En Cartas del diablo a su sobrino, C.S. Lewis sugiere que el autodesprecio puede convertirse en el punto de partida del desprecio a los demás, y con él, abrir la puerta al pesimismo, al cinismo y a la crueldad. No es una simple emoción triste: el autodesprecio es una grieta en la percepción de uno mismo que termina deformando la manera en que se mira el mundo. Es, en cierto sentido, una forma oscura de trascendencia, un veneno que no se queda quieto en el alma, sino que la rebasa y se proyecta hacia los demás.
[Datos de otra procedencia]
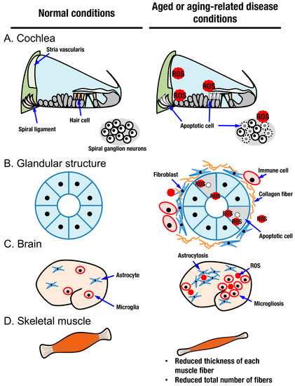 Aged oraging-related disease conditions in several organs. Normal conditions and aged or aging-related disease conditions in the cochlea (A), glandular structures (B), brain (C), and skeletal muscle (D). In the cochlea, aging-related oxidative stress irreversibly impairs hair cells, spiral ganglion neurons, the spiral ligament, and the stria vascularis (A). In glandular structures such as the lacrimal gland and salivary gland, elevated oxidative stress, collagen deposition, immune cell infiltration, and apoptosis are observed (B). In aging-related neurodegenerative diseases such as AD and PD, abnormal accumulation of oxidative stress and abnormal distribution of cells termed microgliosis and astrocytosis are observed (C). Aged skeletal muscle exhibits reduced thickness and decreased numbers of muscle fibers (D).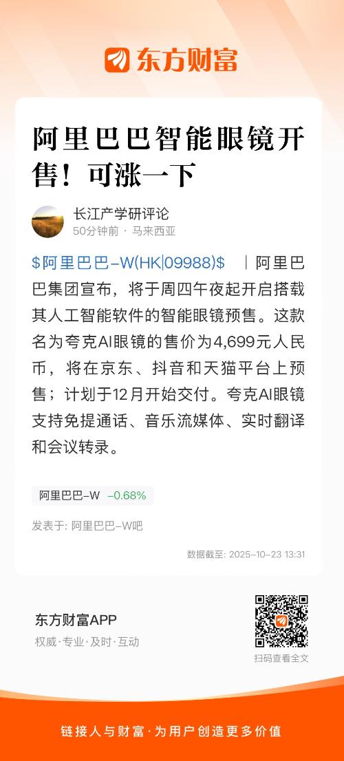 $阿里巴巴-W(HK|09988)$ |阿里巴巴集团宣布,将于周四午夜起开启搭载其人工智能软件的智能眼镜预售。这款名为夸克AI眼镜的售价为4,699元人民币,将在京东、抖音和天猫平台上预售;计划于12月开始交付。夸克AI眼镜支持免提通话、音乐流媒体、实时翻译和会议转录。

Podemos imaginarlo como un espejo roto. Uno se mira ahí y lo que ve no es su rostro, sino una versión rota de sí: fragmentos, ángulos imposibles, multiplicaciones del defecto y que al no tolerar esa distorsión, lanza el espejo —filoso— hacia los otros. Así, lo que fue dolor interno se vuelve juicio externo y la herida personal se transforma en lenguaje del mundo. El autodesprecio es entonces un autoconjuro silencioso: una sentencia pronunciada contra uno mismo que se convierte en destino compartido, que tiene el poder de teñir la mirada, contaminar los vínculos, deformar el sentido e interpretar la existencia bajo el filtro constante de la insuficiencia.
Allí donde no se ha tejido una narrativa reconciliadora sobre el ser —una narración donde la propia vida pueda ser habitada con dignidad—, surge la necesidad de validarse de otro modo: rebajando a los demás, desacreditando lo luminoso y talentoso, demostrando que la belleza es una farsa o que la bondad es ingenuidad. Es entonces cuando el autodesprecio y el narcisismo se revelan no como enemigos, sino como dos formas de la misma desolación. Muchas veces, el narcisismo no es más que un artificio para no mirar el abismo de uno mismo, una máscara que cubre la herida con aplausos, con espejismos de poder o con el eco vacío de la admiración.
De ahí nace un círculo vicioso que no solo afecta al yo, sino a todo lo que lo rodea: no valgo, no soy suficiente… entonces me haré admirar, validaré mi existencia afuera (narcisismo); pero si alguien más brilla, me amenaza… su luz me indigna y me encandila (envidia, resentimiento); y finalmente, ese brillo debe apagarse (desprecio a los demás). Así, el yo herido se convierte en juez, el alma rota en cinismo y el dolor no elaborado se vuelve forma de violencia.
Pensar el autodesprecio desde esta perspectiva es reconocer su potencia fenomenológica: no como un mero síntoma psicológico, sino como una estructura del sentir que moldea la ética, el vínculo y la visión del mundo. Y al mismo tiempo, exige de nosotros un gesto radical: la reconstrucción amorosa y compasiva de la imagen que tenemos de nosotros mismos, para que ese espejo roto no siga multiplicando sus filos en la carne del mundo.